Pod względem nasilenia reżimu sanitarnego zbliżamy się właśnie do czerwonej linii. Ze strony osób publicznych – na przykład członków rady medycznej przy premierze bądź urzędników państwowych czy polityków – pojawiają coraz częściej sugestie o ewentualnym wprowadzeniu przymusu szczepieniowego. To już zwiastuny działań totalitarnych. Władze zachęcone sukcesem w ustawicznym przesuwaniu granic, postanowiły najwyraźniej sprawdzić, jak mocno mogą jeszcze zawęzić obszar ludzkiej wolności. Rozgrzewkę stanowi reglamentowanie wstępu na imprezy czy do niektórych instytucji tylko dla osób zaszczepionych, a także selekcjonowanie uczestników wydarzeń publicznych na zaszczepionych i pozostałych.
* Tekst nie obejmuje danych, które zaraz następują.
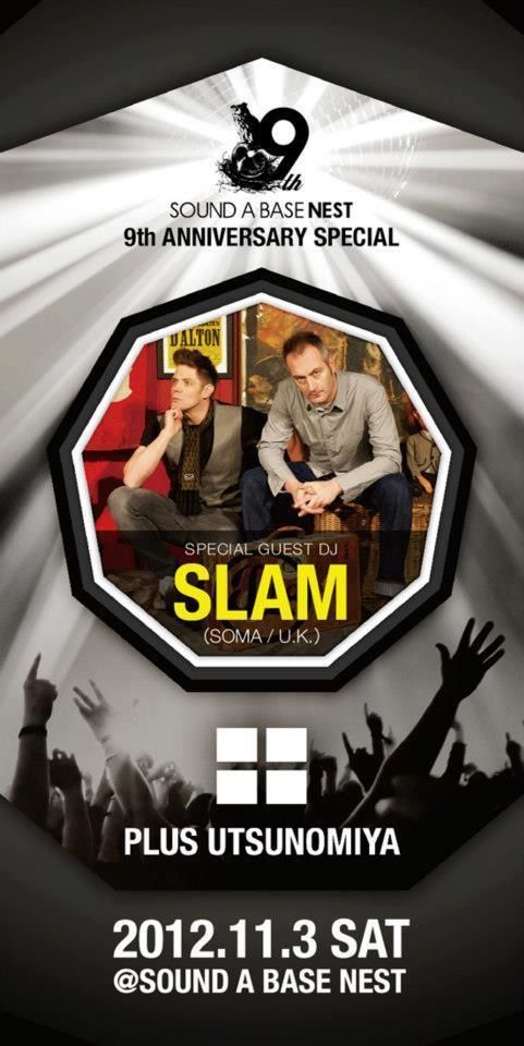 SOUND A BASE NESTの9周年アニバーサリーに相応しいBIG GUESTがUKより登場!!世界的に有名なUKテクノレーベル"SOMA"のオーナーにして世界的DJでもある2人組"SLAM"を奇跡のブッキング。地方都市では中々お目にかかれないこのスペシャルなゲストがNESTの9周年に花を添える!!

Nieustannie trwa festiwal wysyłania w eter sugestii, że to sceptycy będą odpowiedzialni za ewentualną kolejną falę zakażeń. Tymczasem z „wyszczepionego” Izraela dochodzą wieści, że aż połowa zakażonych mutacją Delta to ci, którzy już przyjęli cudowne zastrzyki. Usłyszymy jakieś wytłumaczenie czy sprawa zostanie przemilczana? Nadążanie z aktualną narracją za nieubłaganymi faktami jest dla rządzących coraz trudniejsze.